Your job is to print, exactly, the lines in the data below from the line with "A Polgári Összefogás" through the line with "Zimmer II im OG", both included, and to omit any picture.

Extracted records
★ ★ ★ ★ ★ ★ ★
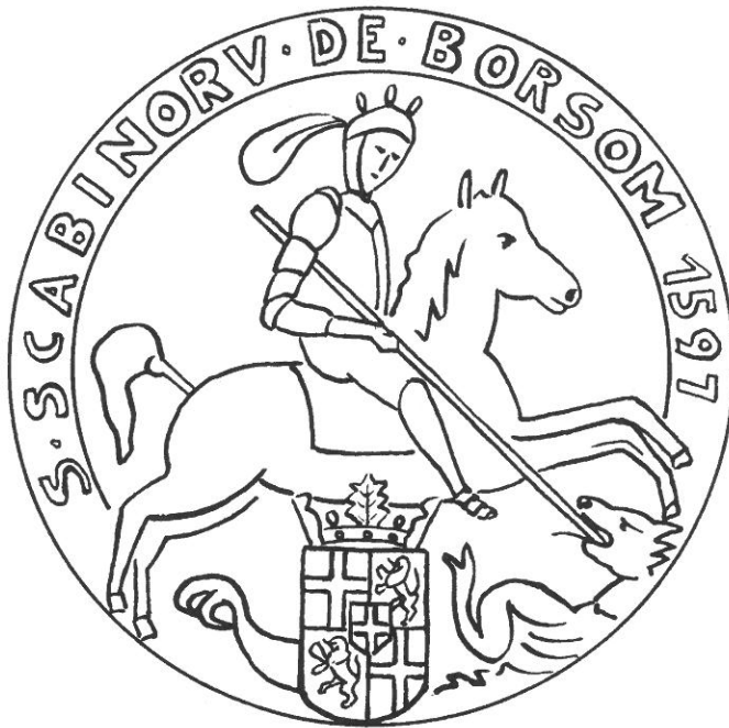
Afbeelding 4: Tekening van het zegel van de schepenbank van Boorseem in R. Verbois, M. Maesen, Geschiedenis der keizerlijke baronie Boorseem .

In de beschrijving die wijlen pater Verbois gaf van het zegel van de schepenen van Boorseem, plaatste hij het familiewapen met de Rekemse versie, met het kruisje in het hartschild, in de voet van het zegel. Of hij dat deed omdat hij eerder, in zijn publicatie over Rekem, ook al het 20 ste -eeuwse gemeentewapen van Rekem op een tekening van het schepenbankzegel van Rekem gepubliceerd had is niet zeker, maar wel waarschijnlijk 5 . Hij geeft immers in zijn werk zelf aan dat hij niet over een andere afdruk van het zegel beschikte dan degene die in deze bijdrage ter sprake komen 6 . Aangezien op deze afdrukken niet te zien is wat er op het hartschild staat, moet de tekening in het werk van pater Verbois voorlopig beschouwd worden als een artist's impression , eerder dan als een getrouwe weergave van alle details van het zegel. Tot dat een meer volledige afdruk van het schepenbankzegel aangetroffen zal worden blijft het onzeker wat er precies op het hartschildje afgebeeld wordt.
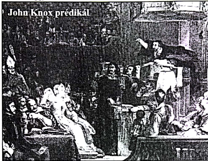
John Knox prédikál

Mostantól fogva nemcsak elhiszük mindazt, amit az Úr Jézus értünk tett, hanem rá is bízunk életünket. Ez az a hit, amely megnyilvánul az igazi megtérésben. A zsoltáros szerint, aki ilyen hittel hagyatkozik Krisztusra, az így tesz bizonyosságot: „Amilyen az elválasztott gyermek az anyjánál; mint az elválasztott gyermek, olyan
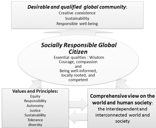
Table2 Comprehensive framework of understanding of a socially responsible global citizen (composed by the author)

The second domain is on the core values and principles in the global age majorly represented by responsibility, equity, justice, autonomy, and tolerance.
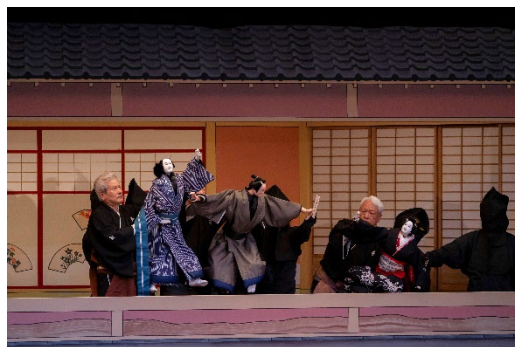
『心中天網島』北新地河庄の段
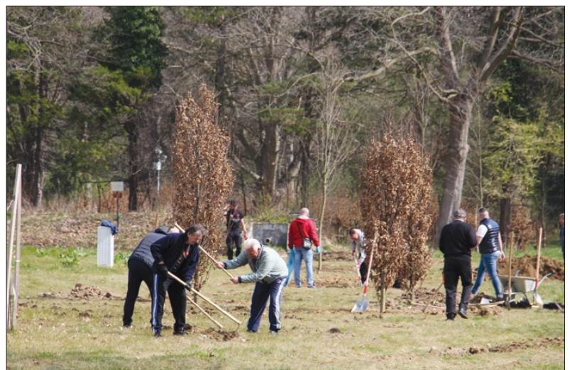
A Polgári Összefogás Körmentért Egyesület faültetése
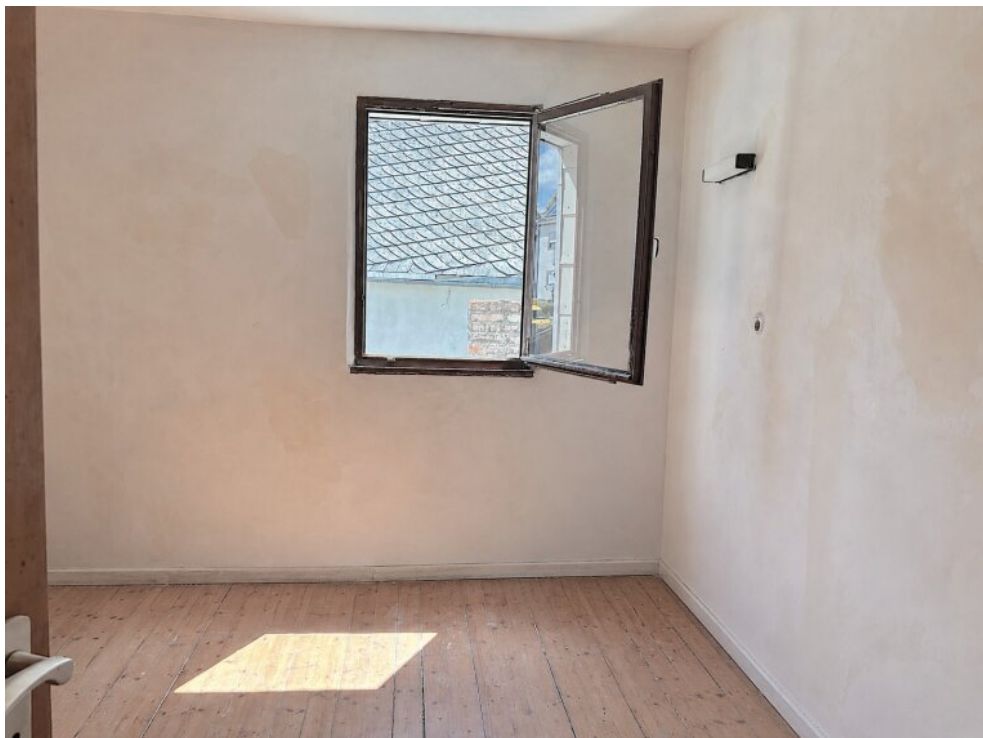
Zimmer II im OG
★ ★ ★ ★ ★ ★ ★
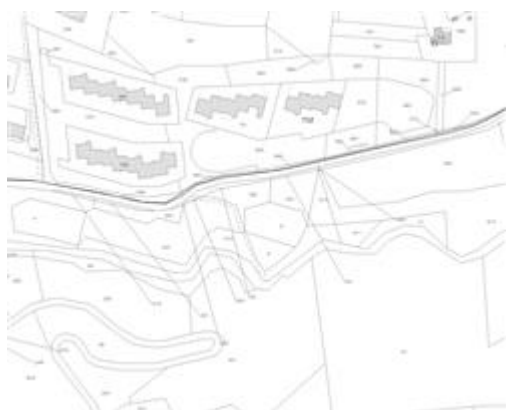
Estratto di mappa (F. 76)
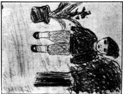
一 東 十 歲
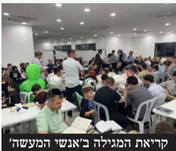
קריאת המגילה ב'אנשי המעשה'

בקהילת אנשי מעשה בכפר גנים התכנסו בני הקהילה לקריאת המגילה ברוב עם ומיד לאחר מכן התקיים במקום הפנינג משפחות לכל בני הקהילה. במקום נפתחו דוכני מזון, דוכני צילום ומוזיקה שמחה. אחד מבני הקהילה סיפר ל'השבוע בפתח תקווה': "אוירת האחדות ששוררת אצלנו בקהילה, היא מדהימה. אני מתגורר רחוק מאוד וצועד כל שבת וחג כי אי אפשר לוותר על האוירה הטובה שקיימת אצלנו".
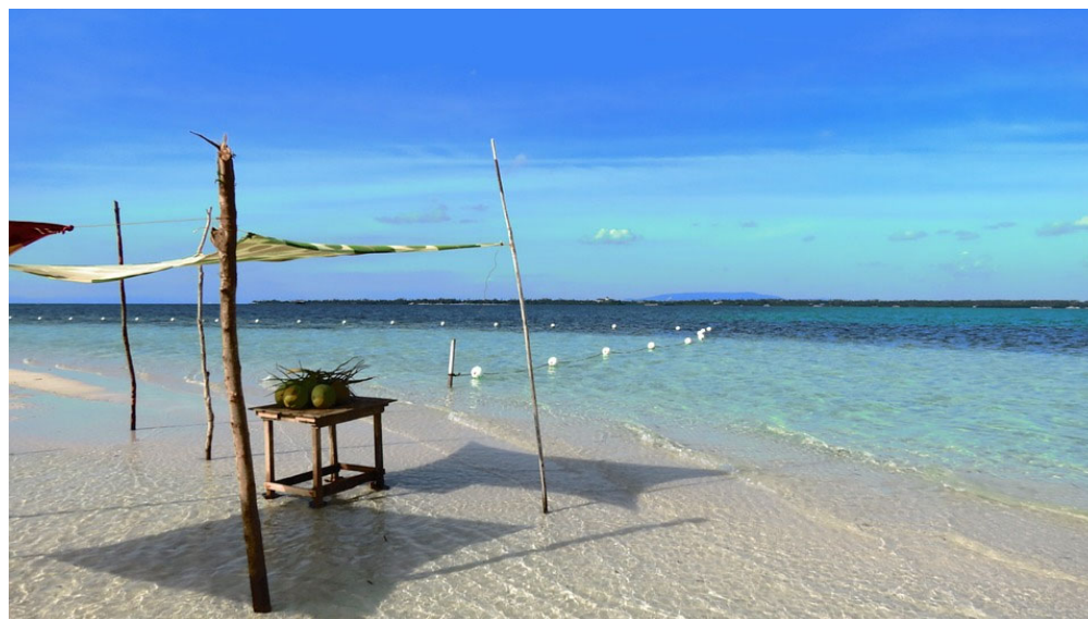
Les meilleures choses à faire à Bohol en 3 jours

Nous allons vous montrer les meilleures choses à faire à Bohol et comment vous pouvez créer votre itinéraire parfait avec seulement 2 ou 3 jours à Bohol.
★ ★ ★ ★ ★ ★ ★
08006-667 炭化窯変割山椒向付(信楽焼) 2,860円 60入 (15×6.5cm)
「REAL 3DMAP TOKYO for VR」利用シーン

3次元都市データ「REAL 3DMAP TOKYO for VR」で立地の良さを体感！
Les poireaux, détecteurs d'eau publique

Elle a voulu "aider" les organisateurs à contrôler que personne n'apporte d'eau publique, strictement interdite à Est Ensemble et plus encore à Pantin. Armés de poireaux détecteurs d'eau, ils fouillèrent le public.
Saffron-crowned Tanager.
★ ★ ★ ★ ★ ★ ★
> Task output
A Polgári Összefogás Körmentért Egyesület faültetése
Zimmer II im OG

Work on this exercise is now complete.